MULHERES NA GUITARRA FLAMENCA

Elas estão chegando

por Gabriel Soto

Quem já estudou ou leu algo sobre flamenco conhece a cartilha sempre proclamada ao falar sobre o assunto: “El arte flamenco se constituye de tres pilares: cante, baile y toque (canto, dança e toque do violão)”. Em filmes e documentários espanhóis sobre o flamenco sendo praticado desde o berço nas famílias “gitanas”(ciganas), em particular na região sul da Espanha, na Andalucía, vemos como as crianças são incentivadas desde cedo ao cante e ao baile, sem distinção de sexo ou idade. Nas praças, em volta da mesa de jantar com a família reunida, nas celebrações de casamentos e aniversários, nos bares, inclusive nas missas evangélicas de domingo, crianças, adultos e idosos pertencentes a este universo praticam esta Arte diariamente, com a mesma frequência e naturalidade com que bebemos água.

No entanto, quando se trata de quem vai tocar o violão, o que vemos é uma predominância e domínio total da figura masculina. Claramente, não vemos que as meninas sejam incentivadas ou motivadas a tocar a guitarra (violão) flamenca como são os meninos. Mas, como tudo na vida, a evolução e mudança desse panorama é inevitável, por mais que caminhe a passos muito lentos, mas sempre adiante.

Sim, o flamenco começa a respirar novos ares! De tempos em tempos isso acontece. Há 20 anos ensinando guitarra flamenca, pela primeira vez tenho 50% de alunos do sexo feminino e 50% masculino. Talvez a explicação esteja no fato de vivermos em um país onde, supostamente, há mais liberdade de expressão para as mulheres, pelo menos em comparação aos demais países latinos. Será? Na Espanha, país onde nasce esta arte, dificilmente vemos guitarristas mulheres atuando, por exemplo, em um quadro flamenco em algum tablao em Madrid.
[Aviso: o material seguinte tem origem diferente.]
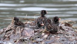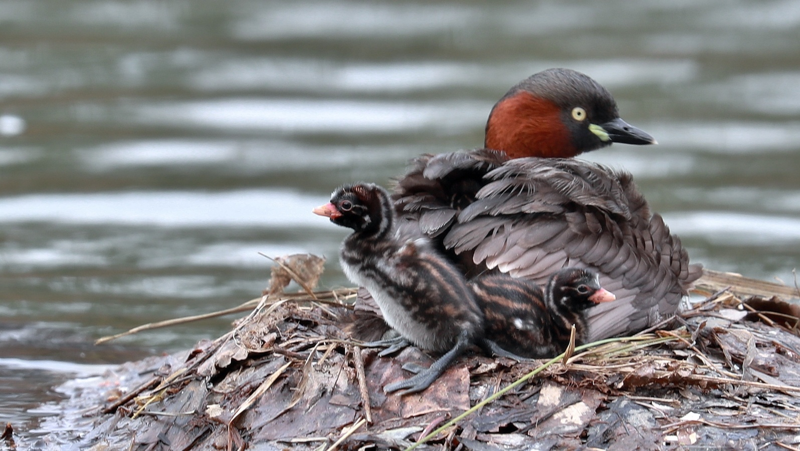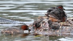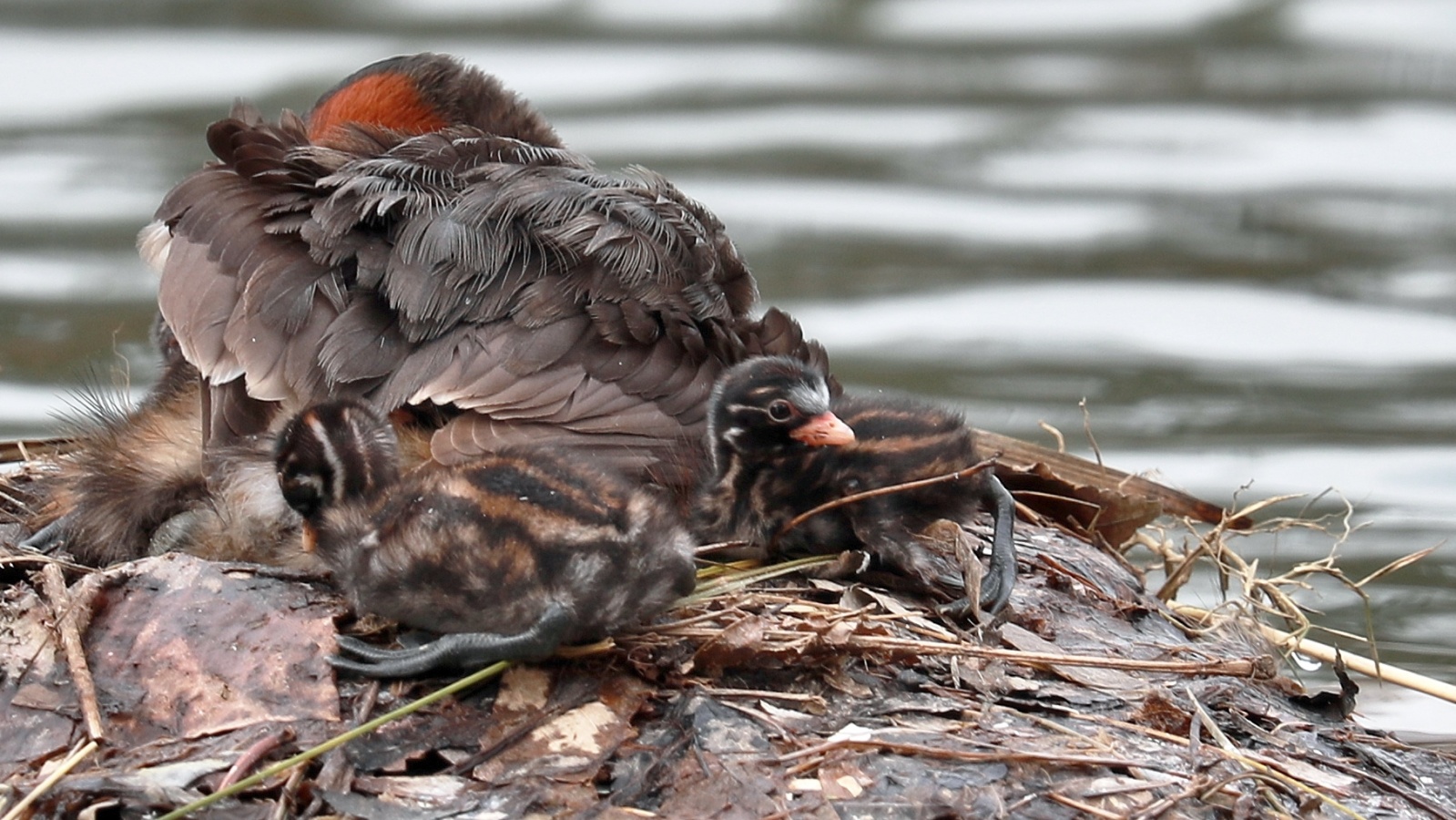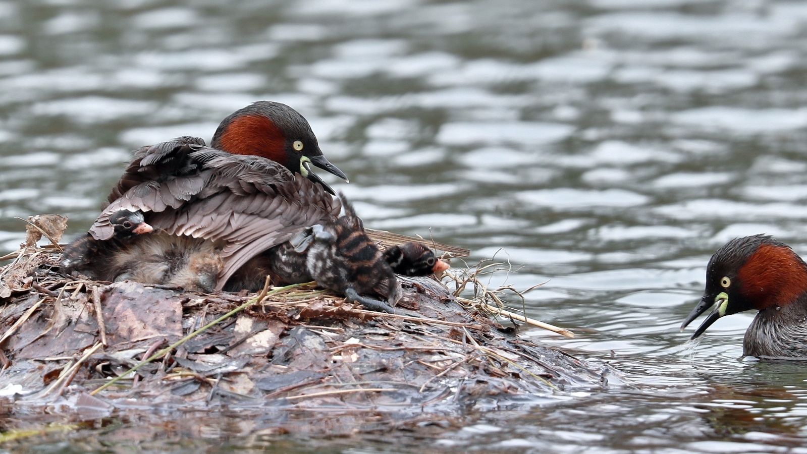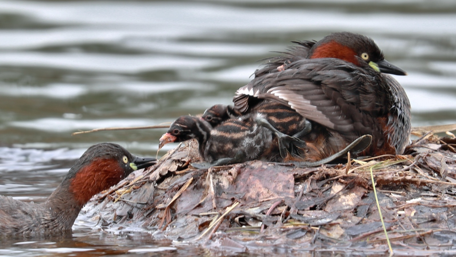 2倍テレコンを付けて可愛いカイツブリの雛の様子を~♪ 5羽の雛が元気良く育っていました。……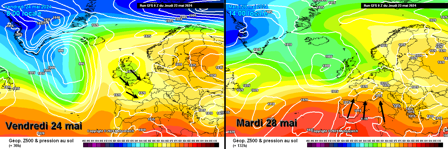 Situation fragile, car cet anticyclone ne va pas s'avérer très puissant. Cela va quand même favoriser une hausse nette des températures et l'on pourrait même se rapprocher des 30°C. Les orages vont peu à peu se raréfier. Il faut quand même s'attendre à quelques déclenchements localisés, plutôt près des reliefs. La semaine prochaine, la prévisibilité est médiocre : nos régions Méditerranéennes pourraient rester sous l'influence des hautes pressions, alors que les deux tiers nord de la France seront sous l'influence des bas-géopotentiels. Nous sommes "du bon côté" mais c'est très limite.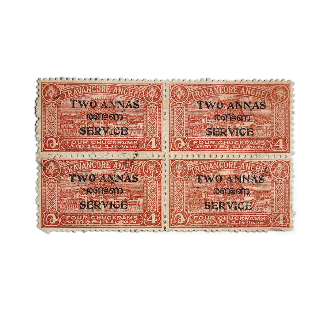 Travancore Anchel Service 2 Annas 1949 Block of 4 Stamps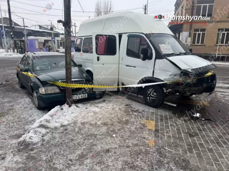 Հունվարի 31-ին՝ ժամը 09։00-ի սահմաններում, Գյումրի քաղաքի Տերյան և Շահումյան փողոցների խաչմերուկում բախվել են Շիրակի մարզի բնակիչներ 50-ամյա Սուրեն Ա․-ի վարած, Գյումրի-Առափի երթուղին սպասարկող «Գազել» մակնիշի և 37-ամյա Կարեն Ա․-ի վարած «Mercedes» մակնիշի ավտոմեքենաները։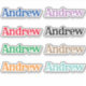 Farbige Aufkleber mit dem Christlichen Namen Andrew.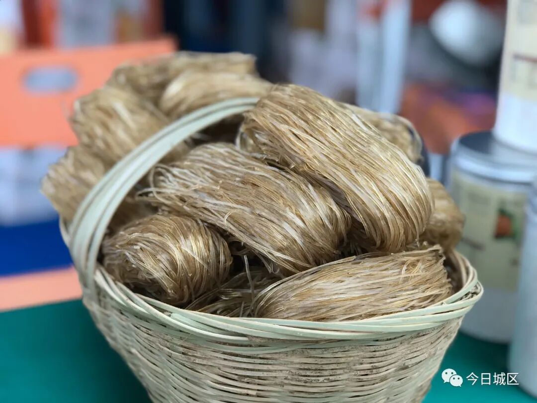沙坑番薯粉签厂是沙坑村的特色产业扶贫项目,不仅每年能增加10万元的集体收入,还能为村民提供一定的就业岗位。图为沙坑村生产的番薯粉签。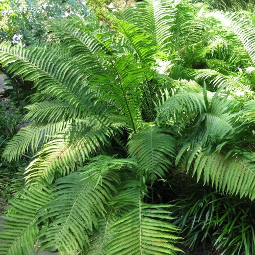 Matteuccia struthiopteris The King is a larger variety than the species. It features a large crown, a large vase-shaped clump of sterile fronds and fertile fronds that grow up to 50% larger than the species (often to as much as 7′ tall). It is distinguished from the species not only by size, but also by having better heat tolerance for growth in the deep South and by being easier to grow. Some experts consider M. struthiopteris ‘The King’ to be synonymous with M. struthiopteris ‘Jumbo’.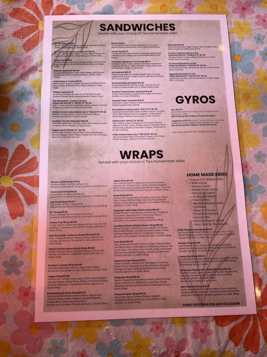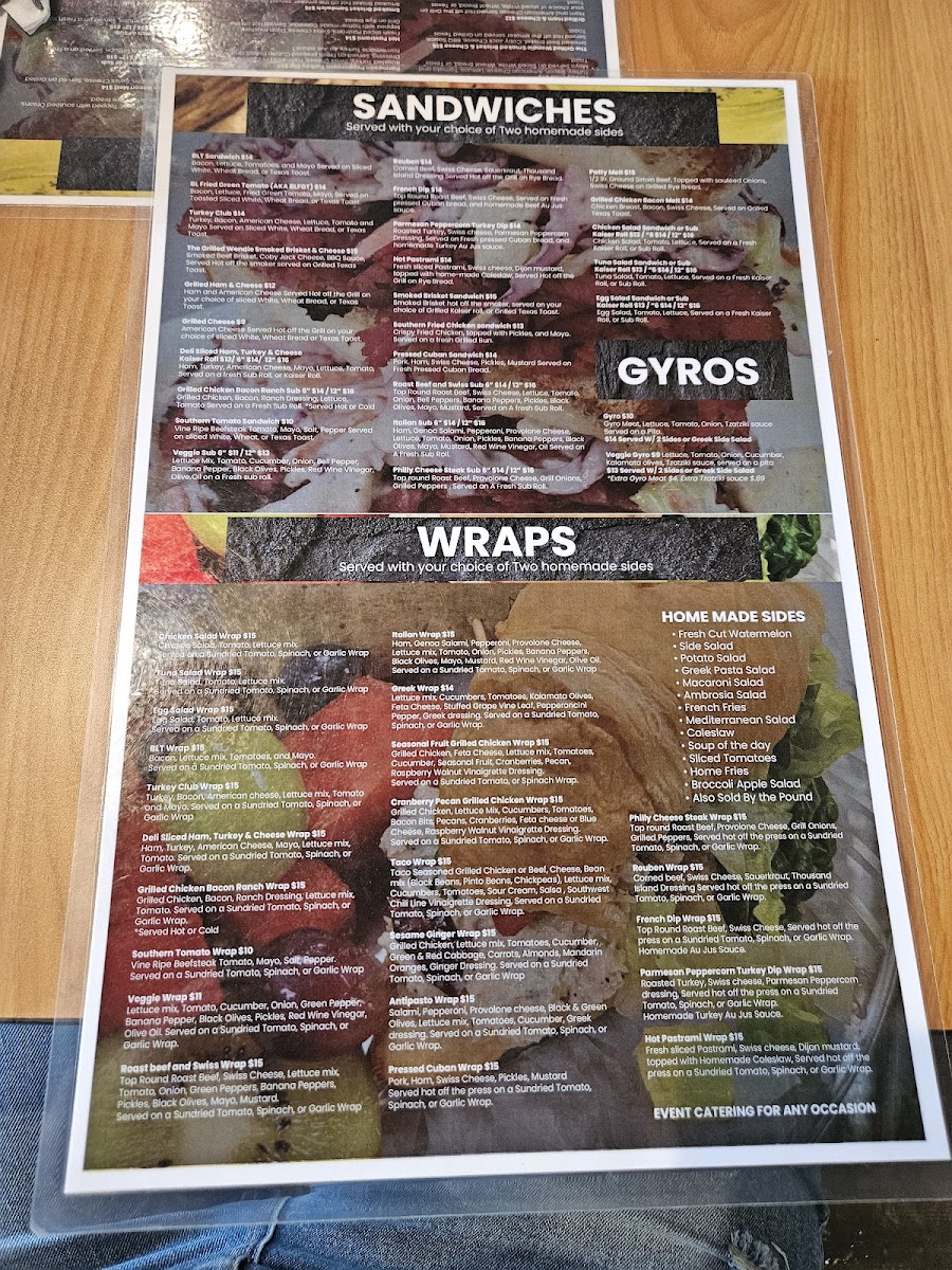 Ham, Genoa Salami, Pepperoni, Provolone Cheese, Lettuce mix, Tomato, Onion, Pickles, Banana Peppers, Black Olives, Mayo, Mustard, Red Wine Vinegar, Olive Oil. Served on a Sundried Tomato, Spinach, or Garlic Wrap. Served with your choice of 2 homemade sides.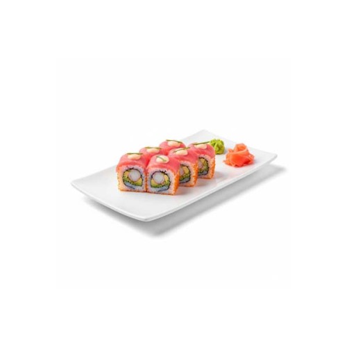 Soy Paper Wrapped w/tempura shrimp, avocado, mango, mayo, crab stick, mango sauce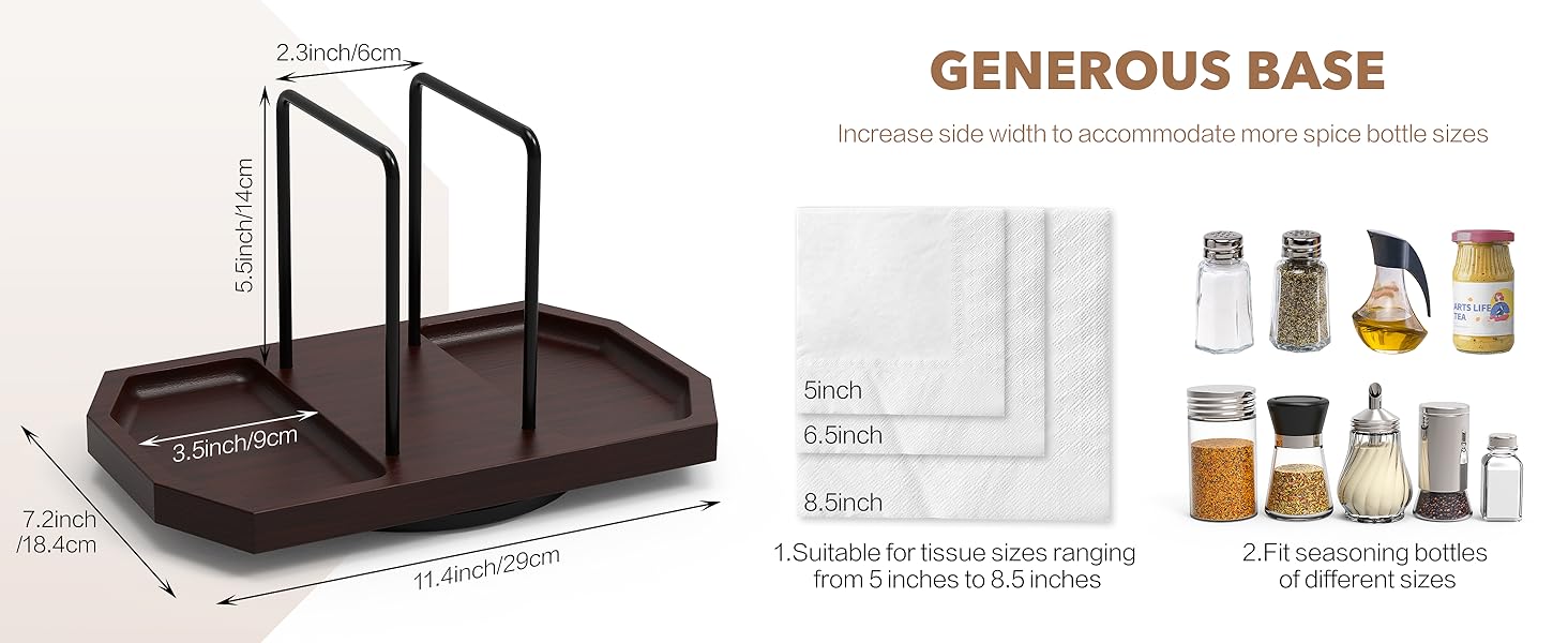 Multi-purpose Storage: The napkin dispenser holds most napkin sizes and seasoning bottles up to 3.5" wide, saving space and keeping your table tidy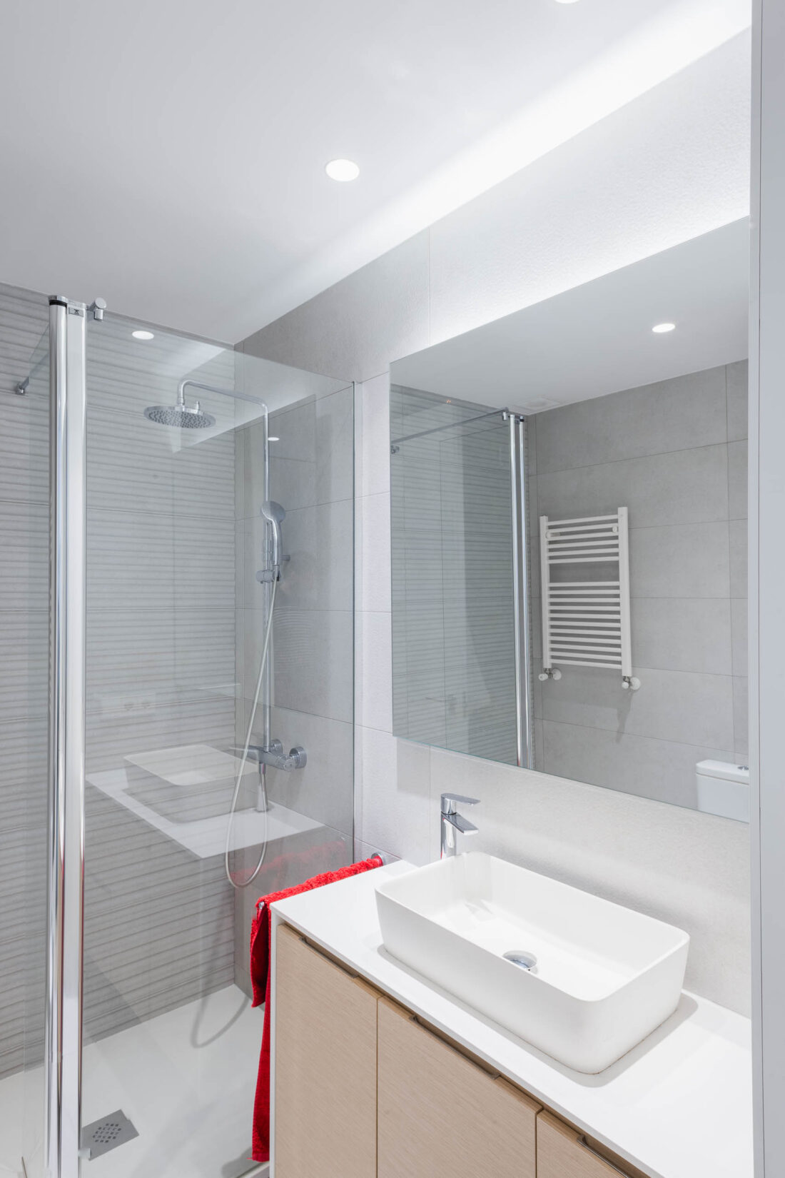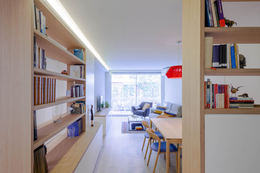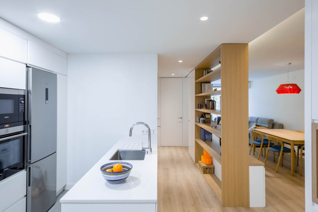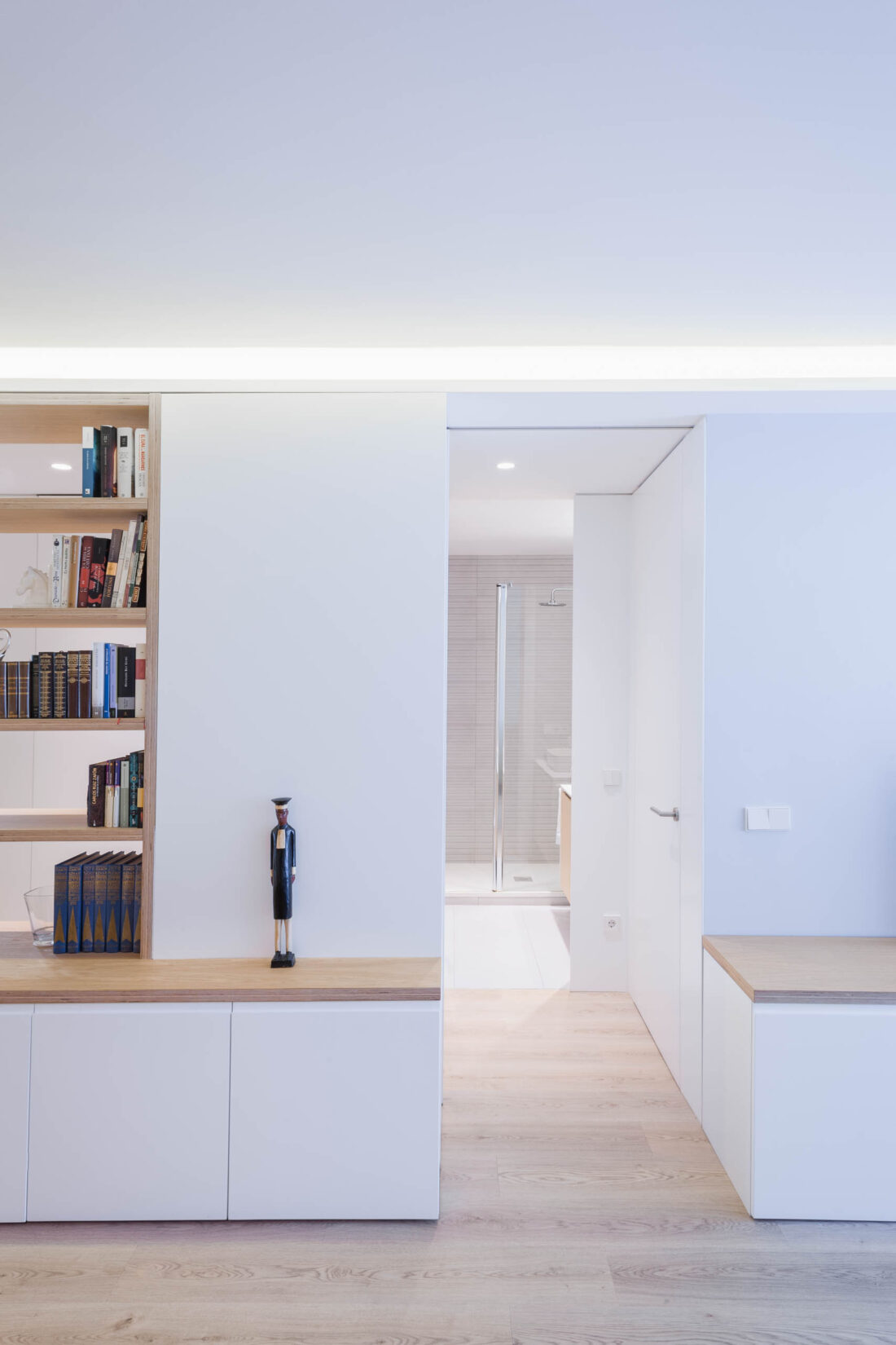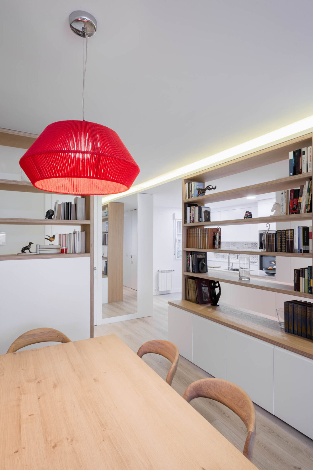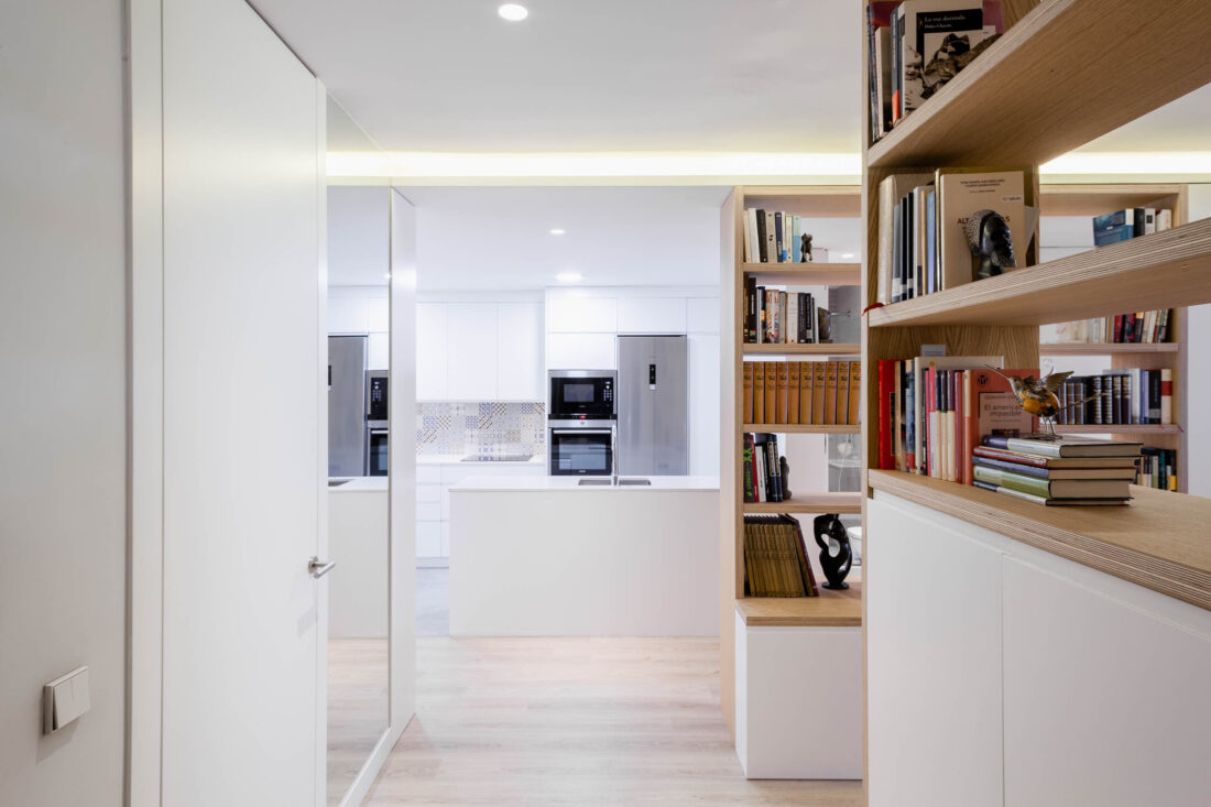 El proyecto busca la fluidez a partir de un gran espacio común dividido con piezas de mobiliario que una separación de espacios sin interrumpir la visual de una punta a otra de la casa. Además, se potencia esa conexión visual, en este caso con el exterior, con un gran ventanal Una línea, marcada en el techo con una candileja y reforzada con su reflejo en un espejo por un lado y por otro por la ventana, divide la mitad mas “pública” (entrada, habitación de invitados y salón comedor) de la mas “privada” (cocina, dormitorio principal y baños). Los 4 muebles se diseñan con una base en blanco para ganar luminosidad y detalles en roble que marcan la función de cada uno:office de apoyo en la cocina, estanterías para separar la entrada y el pasillo y encimera para el mueble de la TV.

Mas por quê isso ocorre? E como melhorar a representatividade do público feminino nesta área?

Segundo o jornal “El País”, apenas um de cada dez professores de conservatórios de música flamenca é mulher, e em uma sala de 20 alunos, com sorte há uma representante do gênero feminino. Guitarristas como Antonia Jiménez, Laura González, Bettina Flater, Elena San Román y Kati Golenko, entre algumas das que atuam profissionalmente, tiveram que enfrentar en um momento de suas carreiras algum tipo de preconceito, atitude ou comentário machista, inclusive de mulheres.

Uma das formas de compreendermos esta lacuna de uma representação significativa das mulheres na guitarra flamenca, é justamente a educação e os hábitos machistas presentes na cultura espanhola e gitana. O guitarrista, no acompanhamento ao cante, funciona como um fiel escudeiro, que ampara através dos acordes e do ritmo, adornando as pausas da voz com variações e falsetas (micro composições com estrutura determinada de cada palo/estilo) e toques de grande velocidade e destreza, sobretudo ao acompanhar também ao baile. Imagine o cantaor confiando em uma mulher ao violão como sua fiel escudeira que o ampara e abrilhanta sua apresentação com seu acompanhamento firme e preciso, cantando muitas vezes letras extremamente machistas, onde se fala da mulher que o abandonou, desprezou ou traiu… é possível?

A partir do momento em que se encara a música flamenca enquanto conteúdo didático a ser ensinado como técnica, conhecimento e partir de um método, cai por terra toda e qualquer argumentação machista sobre “força” no toque, que supostamente as mulheres não teriam. Flamenco expressa força, sem dúvida, entre tantas expressões possíveis, mas se executa com técnica, e é justamente o estudo e domínio do instrumento a partir de uma técnica específica que permite uma expressão mais precisa e emocionante, independente de se quem está tocando o instrumento é um homem ou uma mulher. Ou seja, é a partir da utilização do conhecimento como ferramenta de descobertas para superar nossos próprios limites que conseguimos quebrar qualquer barreira imposta sobre homens e mulheres. A técnica é a mesma para todos.

O flamenco é um idioma a ser aprendido, e como tal, não depende de aptidões masculinas ou femininas. A partir da técnica, homens cantam mais agudos, mulheres mais graves. Homens dançam movimentos antes relacionados mais ao sexo oposto, mulheres dançam movimentos e gestos antes considerados mais masculinos. Na guitarra, nas palmas e no cajón, para finalizar, todos usamos os mesmos instrumentos: mãos e cérebro. Façamos todos a nossa parte por um mundo menos desigual, onde o que importe seja apenas as horas dedicadas à absorção desta linguagem chamada Flamenco.